- IATA: none; ICAO: none; LID: COJ;

Summary
- Airport type: Public
- Operator: Jalisco State Government
- Serves: Costalegre
- Location: Tomatlán municipality
- Elevation AMSL: 46 ft / 14 m
- Coordinates: 19°43′07″N 105°13′56″W﻿ / ﻿19.71861°N 105.23222°W

Map
- COJ Location of the airport in Quintana Roo COJ COJ (Mexico)

Runways
| Direction | Length |  | Surface |
| ft | m |
| 14/32 | 7,218 | 2,200 | Asphalt |
- AFAC

= Costalegre Airport =

Costalegre Airport or Chalacatepec Airport (AFAC: COJ) is an airport located in Tomatlán municipality in Jalisco and is operated by the Government of the State of Jalisco.

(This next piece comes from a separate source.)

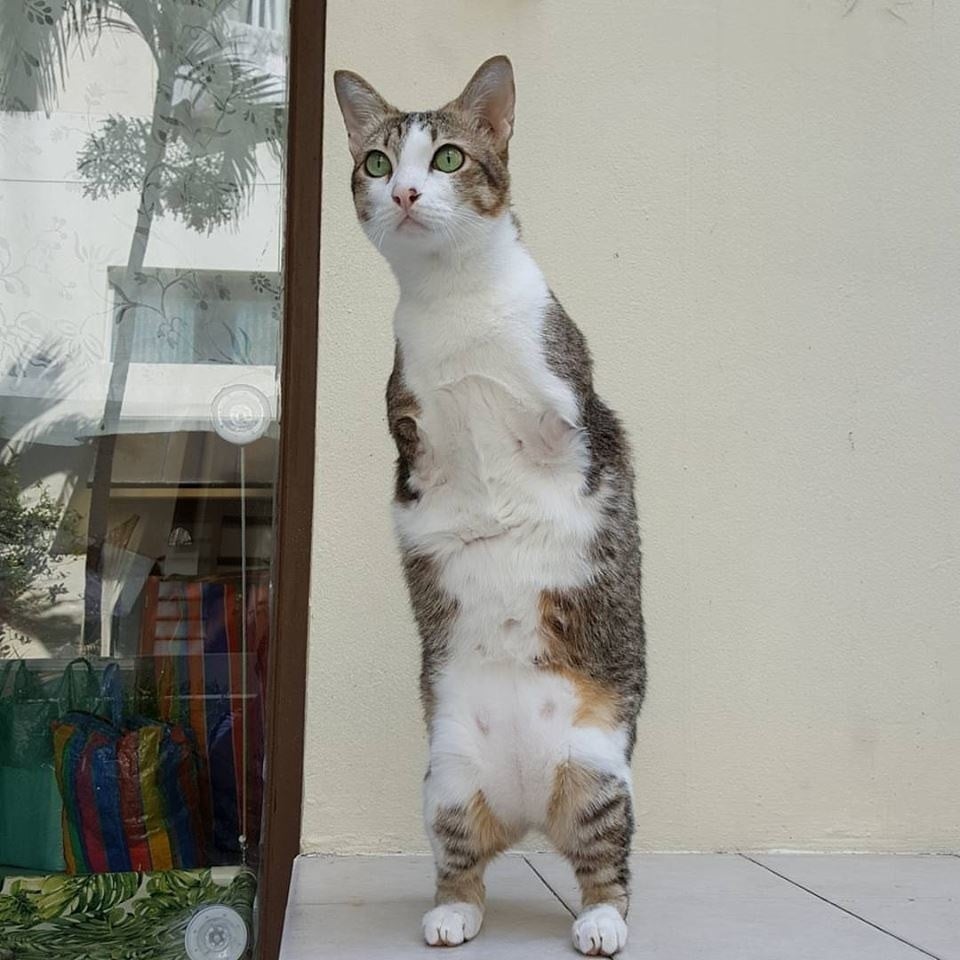Широкую популярность в социальных сетях приобрёл кот, у которого нет двух передних лап. Он живёт в Бангкоке. Животное потеряло свои лапы и хвост после удара током. Но, несмотря на такие увечья, благодаря заботливым хозяевам он продолжает жить полноценной жизнью.

Construction began in 2006 with a project for the construction of an airport in the Costalegre area with capacity to receive aircraft of up to 170 passengers and that would begin operations in 2015, however, in 2018 the construction of the airport had to be suspended due to the lack of possession of land that belonged to the José María Morelos Ejido, so its potential opening would also be postponed until 2019. However, the project was resumed until 2022 and by 2023 an investment of almost 95 million pesos (US$4.8 million) had already been made, this with the intention of beginning operations during the year 2024.

The airport was planned to have a 24,062-square-meter aviation apron, three tanks with a capacity of 50,000 liters of jet fuel each and two with a capacity of 20,000 liters of Avgas each. It is also planned to have a control tower, fire station, weather station, maintenance area, baggage storage, and terminal building. Regarding landing aids, the runway will be lit, and there will also be VOR/VHF systems, instrument landing system, and P.A.P.I. lights.

The airport was officially inaugurated on October 3, 2024, by Governor Enrique Alfaro. It features a 10,000-square-meter apron and a 27-space parking lot, a 2,200-meter-long and 45-meter-wide paved runway with turn ramps at both ends, and a terminal building.